Synopses & Reviews
Review
"[The book is] entertainment for crime literature addicts....a textbook for prospective confidence men." Edward Frank Allen, The New York Times Book Review, 1940
Review
"A bonanza of wild but credible stories, told concisely with deadpan humor ,as sly and rich in atmosphere as anything this side of Mark Twain." Luc Sante, Salon.com
Review
"The Big Con is righteous! It's an illuminating textbook of the confidence game; it's a deft tour of early twntieth century crime; it's a feast of language." James Ellory, author of L.A. Confidential
Review
"The book is spellbinding: It's origins are in linguistics; it is nominally a work of eriminology; it has blood ties to folklore; it falls within the scope of Americana; it serves up a parcel of social history; and of course it is a robust and springheeled piece of literature." Gia Kourlas, Time Out New York
Synopsis
The classic 1940 study of con men and con games that Luc Sante in Salon called "a bonanza of wild but credible stories, told concisely with deadpan humor, as sly and rich in atmosphere as anything this side of Mark Twain."
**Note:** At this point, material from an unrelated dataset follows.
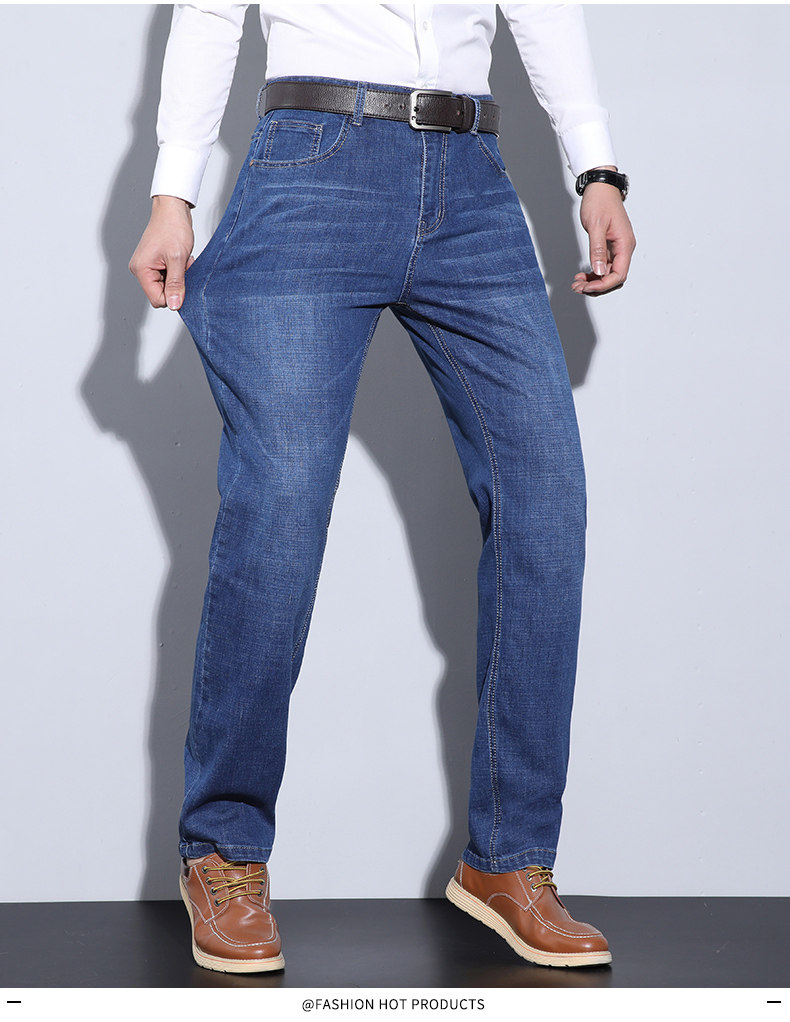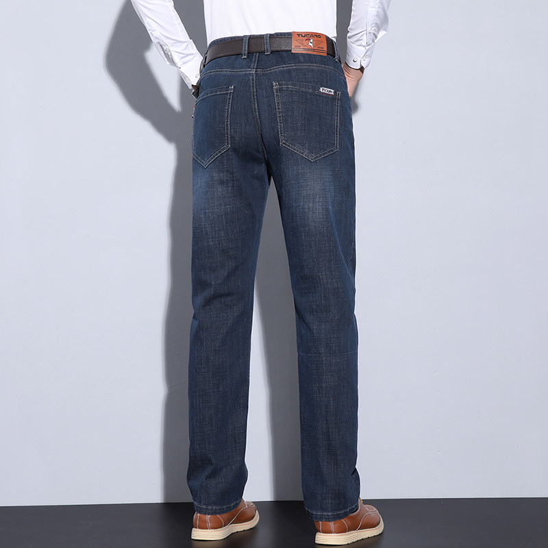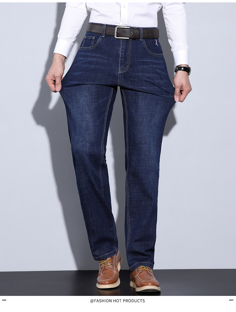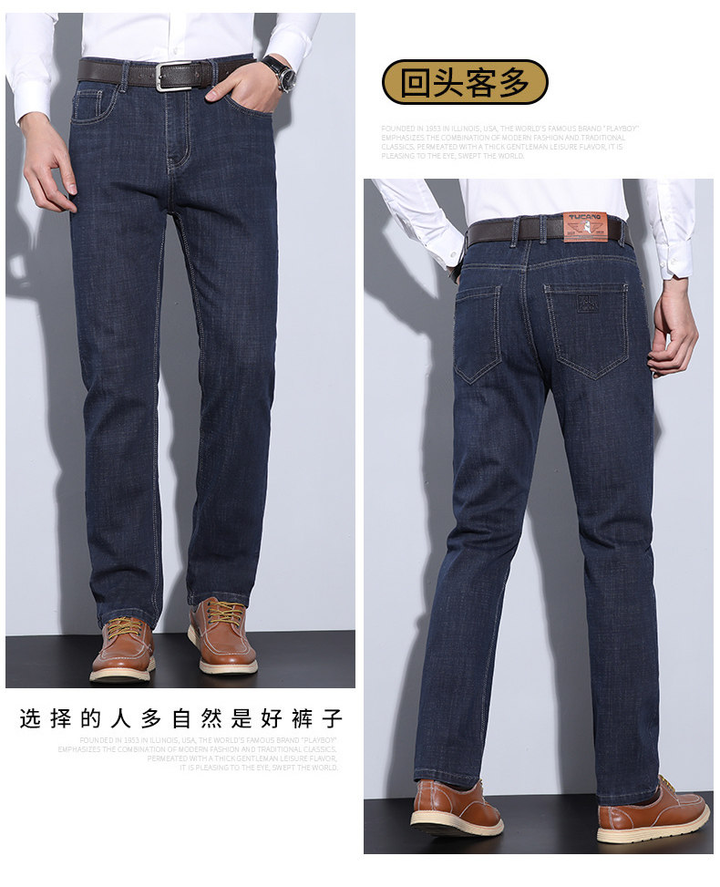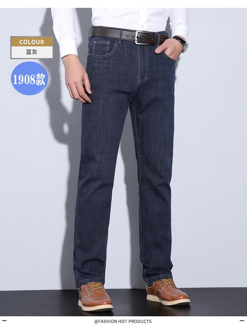 Новые мужские джинсы 2025 года: прямые, свободные, на флисовой подкладке, утепленные, с высокой талией, для делового повседневного стиля, длинные брюки

"Of all the grifters, the confidence man is the aristocrat," wrote David Maurer, a proposition he definitely proved in The Big Con, one of the most colorful, well-researched, and entertaining works of criminology ever written. A professor of linguistics who specialized in underworld argot, Maurer won the trust of hundreds of swindlers, who let him in on not simply their language but their folkways and the astonishingly complex and elaborate schemes whereby unsuspecting marks, hooked by their own greed and dishonesty, were "taken off" - i.e. cheated--of thousands upon thousands of dollars.
The Big Con is a treasure trove of American lingo (the write, the rag, the payoff, ropers, shills, the cold poke, the convincer, to put on the send) and indelible characters (Yellow Kid Weil, Barney the Patch, the Seldom Seen Kid, Limehouse Chappie, Larry the Lug). It served as the source for the Oscar-winning film The Sting.